Beginning with the top line of the listing below, give again every line up to and including the line with "Fazit: Der ELONEO"; pictures do not belong in the copy.
------
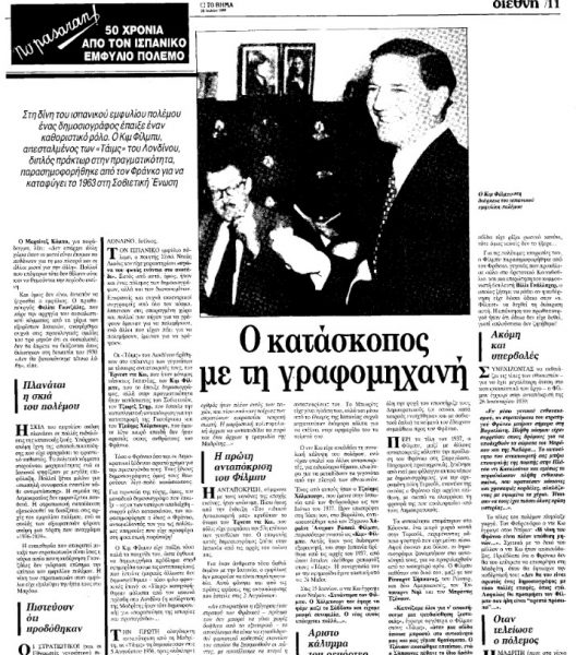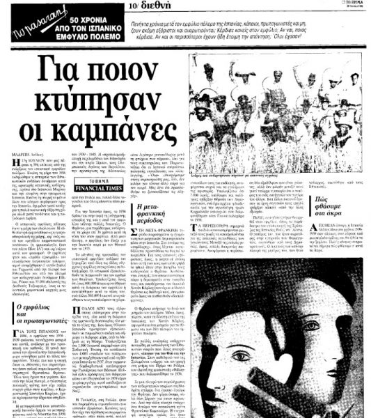 Τον Ιούλιο του 1986, με την αφορμή της συμπλήρωσης μισού αιώνα από την έναρξη του Ισπανικού Εμφυλίου, δημοσιεύτηκε στην εφημερίδα «Το Βήμα» (και στους Financial Times) ένα άρθρο αναφορικά με τον Ισπανικό Εμφύλιο, που έφερε τον τίτλο «Για ποιον κτύπησαν οι καμπάνες». Στο κείμενο αυτό, το οποίο είχε συμπεριληφθεί στο φύλλο του «Βήματος» που είχε κυκλοφορήσει στις 20 Ιουλίου 1986, διαβάζουμε τα εξής:
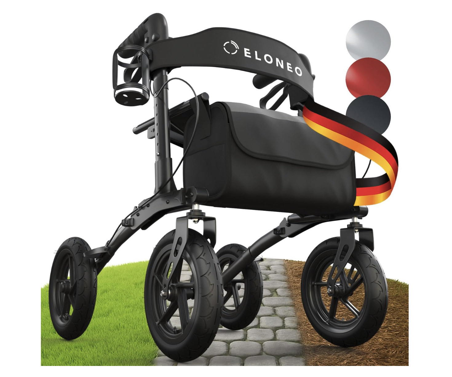 Fazit: Der ELONEO Rollator präsentiert sich als durchdachte, komfortable und robuste Gehhilfe, die speziell für den Außenbereich konzipiert wurde. Besonders hervorzuheben ist die Luftbereifung mit profilierten Rädern, die den Rollator deutlich von vielen herkömmlichen Modellen unterscheidet. Diese Bereifung bietet hervorragende Dämpfungseigenschaften, sodass Fahrten über unebene Wege, Kies, Rasen oder Kopfsteinpflaster angenehm und stabil verlaufen. Der Luftdruck kann über Autoventile individuell angepasst werden, was ein Plus an Komfort und Flexibilität bedeutet – ideal für Nutzerinnen und Nutzer, die häufig im Freien unterwegs sind.
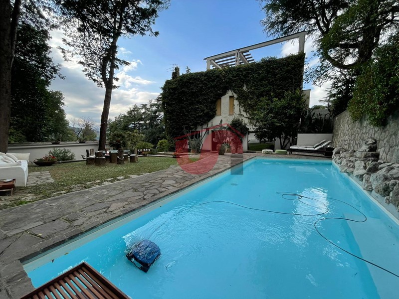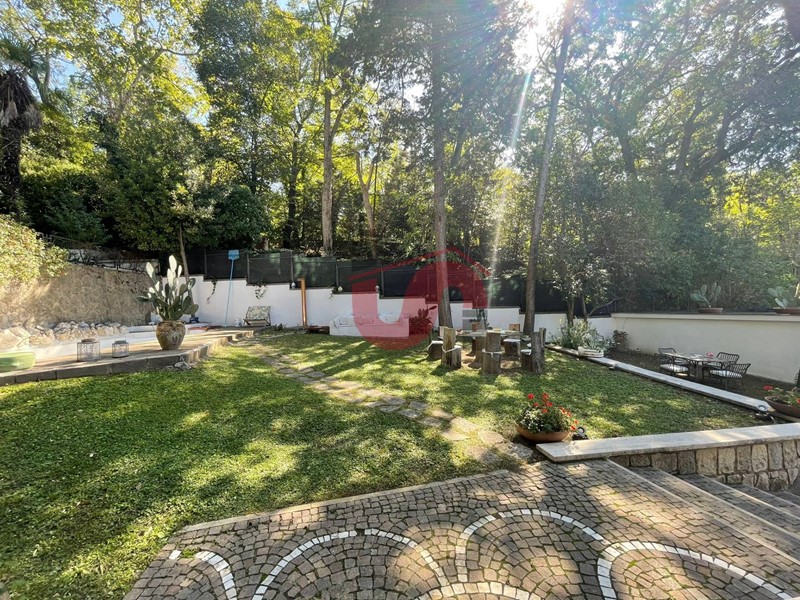 L'imponente giardino allinglese, di circa 3.000 mq è curato ed arricchito da alberi di alto fusto e da alberi da frutto, qui troviamo un ampia piscina idromassaggio (costruita nel 2020) ed un garage di circa 40 mq.
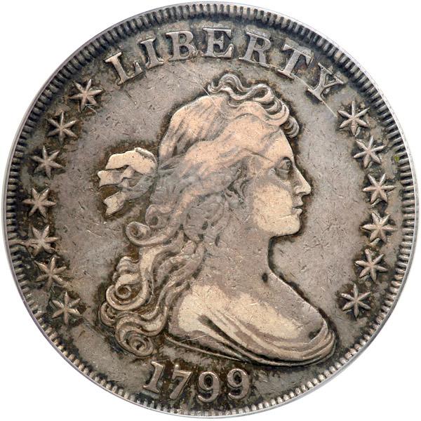 1799 Draped Bust Dollar. . BB-155, die crack at stars 1-3. PCGS graded VF-30 CAC Approved. Evenly toned with natural wear, the highest points of the design being light silvery in color, deepening to normal antique gray and dark gray elsewhere (PCGS # 6878) .
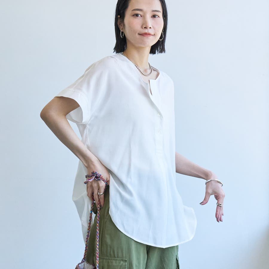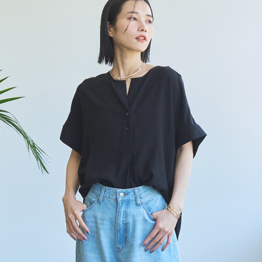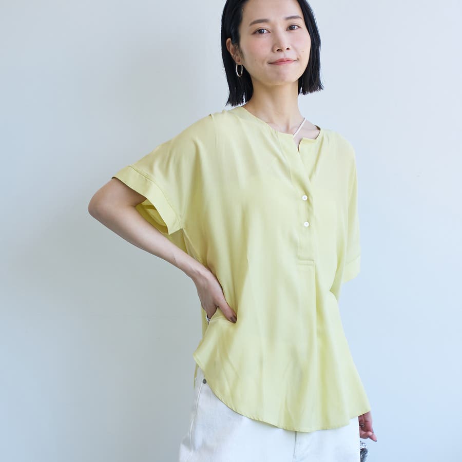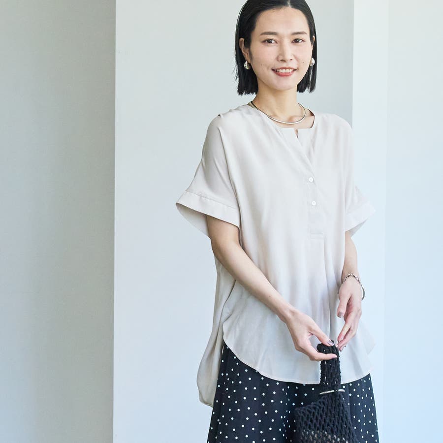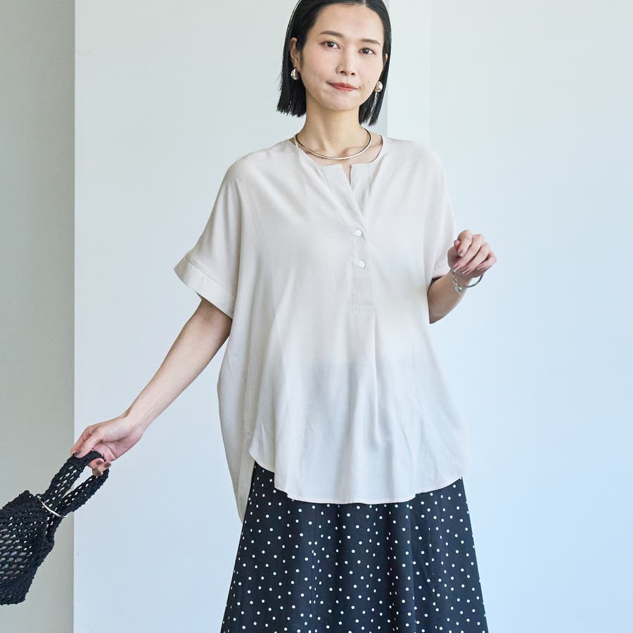 ひんやりとした快適な着心地のスキッパーブラウス。
------
:: RESPONSE TO THE TASK ::
 Τον Ιούλιο του 1986, με την αφορμή της συμπλήρωσης μισού αιώνα από την έναρξη του Ισπανικού Εμφυλίου, δημοσιεύτηκε στην εφημερίδα «Το Βήμα» (και στους Financial Times) ένα άρθρο αναφορικά με τον Ισπανικό Εμφύλιο, που έφερε τον τίτλο «Για ποιον κτύπησαν οι καμπάνες». Στο κείμενο αυτό, το οποίο είχε συμπεριληφθεί στο φύλλο του «Βήματος» που είχε κυκλοφορήσει στις 20 Ιουλίου 1986, διαβάζουμε τα εξής:
 Fazit: Der ELONEO Rollator präsentiert sich als durchdachte, komfortable und robuste Gehhilfe, die speziell für den Außenbereich konzipiert wurde. Besonders hervorzuheben ist die Luftbereifung mit profilierten Rädern, die den Rollator deutlich von vielen herkömmlichen Modellen unterscheidet. Diese Bereifung bietet hervorragende Dämpfungseigenschaften, sodass Fahrten über unebene Wege, Kies, Rasen oder Kopfsteinpflaster angenehm und stabil verlaufen. Der Luftdruck kann über Autoventile individuell angepasst werden, was ein Plus an Komfort und Flexibilität bedeutet – ideal für Nutzerinnen und Nutzer, die häufig im Freien unterwegs sind.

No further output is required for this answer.